If you kibitz, or otherwise don't complete a round, it is counted as a DNS, with one exception.
If you cannot complete a round for a reason that is not under your control, you may redo the missed rounds sometime after that event but before I upload the results.
The results will be uploaded here, in this post. 


Not Showing Up


Spoiler



If you cannot make it to a certain round then you must PM me before the round is supposed to start.
I will wait in the room for 5 minutes max, and if no one shows then I will leave.

If you do not show up for a round you signed up for, you will be displayed in the results, although all solves will be DNS.

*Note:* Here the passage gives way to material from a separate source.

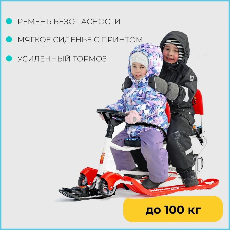 Снегокат Ника-SNOWPATROL (SNOWPATROL 2) рама белая со спинкой, трос авт. нам, велоруль
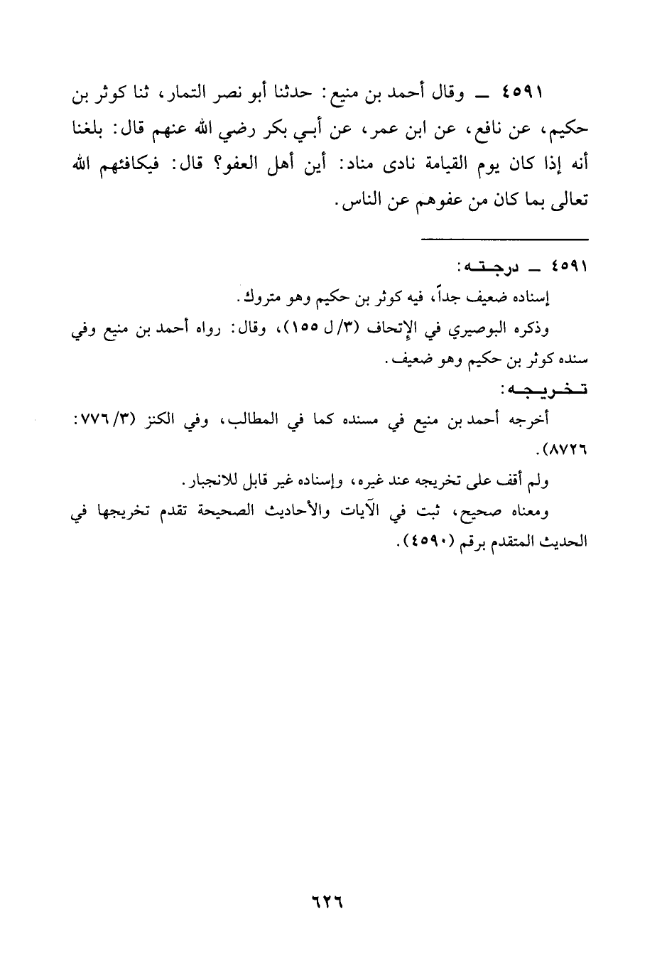 4591 - وَقَالَ أَحْمَدُ بْنُ مَنِيعٍ: حَدَّثَنَا أَبُو نَصْرٍ التَّمَّارُ، ثنا كَوْثَرُ بْنُ حكيم، عن نافع، عَنِ ابْنِ عُمَرَ، عَنْ أبي بكر رَضِيَ الله عَنْهم قَالَ: بَلَغَنَا أَنَّهُ §إِذَا كَانَ يَوْمُ الْقِيَامَةِ نَادَى مُنَادٍ: أَيْنَ أَهْلُ الْعَفْوِ؟ قَالَ: فَيُكَافِئُهُمُ اللَّهُ تَعَالَى بِمَا كَانَ مِنْ عَفْوِهِمِ عَنِ النَّاسِ.

Most importantly, if you do not show up to 2 or more rounds you signed up for (and didn't notify me you won't show) then you will not be able to participate in the next n competition(s), where n is the number of rounds minus one you did not show up to.



Points System/Rewards


Spoiler



1st place in each event gets full points value
2nd place in each event gets 2/3 points value (rounded up)
3rd place in each event gets 1/3 points value (rounded up)
2x2 - 10 points
3x3 - 15 points
OH - 15 points
Magic - 5 points
MMagic - 5 points
4x4 - 15 points
5x5 - 20 points
Pyra - 10 points
Sq-1 - 10 points
Mega - 20 points

Now you're probably wondering, what's all these points for??!!!
The top 3 people will get money back from my store. This money back is essentially, for 1 month (so until October 3rd), any purchases you make from CuberShop you will get money back. How much? Well, it depends on how much you order. You will receive $n back, where n is the number of items you ordered (excluding stickers)



Banned


Spoiler



From this competition: wballard, chicken9290
From this competition, as well as #3: Waffo


----------



## cubernya (Sep 1, 2011)

Reserved for results

Also, I put this up 2 days ago, yet nobody has signed up. If nobody signs up by tomorrow morning when I check this, it'll be rescheduled to next Sunday.


----------



## aminayuko (Sep 1, 2011)

i'll join for 2x2, 3x3, 3x3 OH, 4x4, 5x5, pyra, and mega


----------



## cubernya (Sep 1, 2011)

I hope you've improved at megaminx a little bit


----------



## mmitchev (Sep 2, 2011)

My username is mmitchev.

Put me down for 2x2, 3x3 and pyra


----------



## mDiPalma (Sep 2, 2011)

mDiPalma: 2x2, 3x3, 3x3oh, 4x4

pl0x.

peace.


----------



## cubernya (Sep 2, 2011)

mDiPalma, one thing. If you start trolling like you did last time, I'm not including you in the results. Simple as that


----------



## cuberkid10 (Sep 2, 2011)

That was funny lol.


----------



## cubernya (Sep 2, 2011)

I'm being dead serious though. It was very annoying last week


----------



## aminayuko (Sep 2, 2011)

i think you should ban mDiPalma forever because a few days ago he tried to steal info from convinsa
he can't be trusted. he is very suspicious


----------



## mmitchev (Sep 2, 2011)

Sorry, I have to drop out, there's stuff I have to do tomorrow.


----------



## cubernya (Sep 3, 2011)

aminayuko said:


> i think you should ban mDiPalma forever because a few days ago he tried to steal info from convinsa
> he can't be trusted. he is very suspicious


Never heard of that...

Also, its starts tomorrow morning, and there's very few people signed up. If I don't get 2 more registrations overnight, then it'll be rescheduled to next Sunday.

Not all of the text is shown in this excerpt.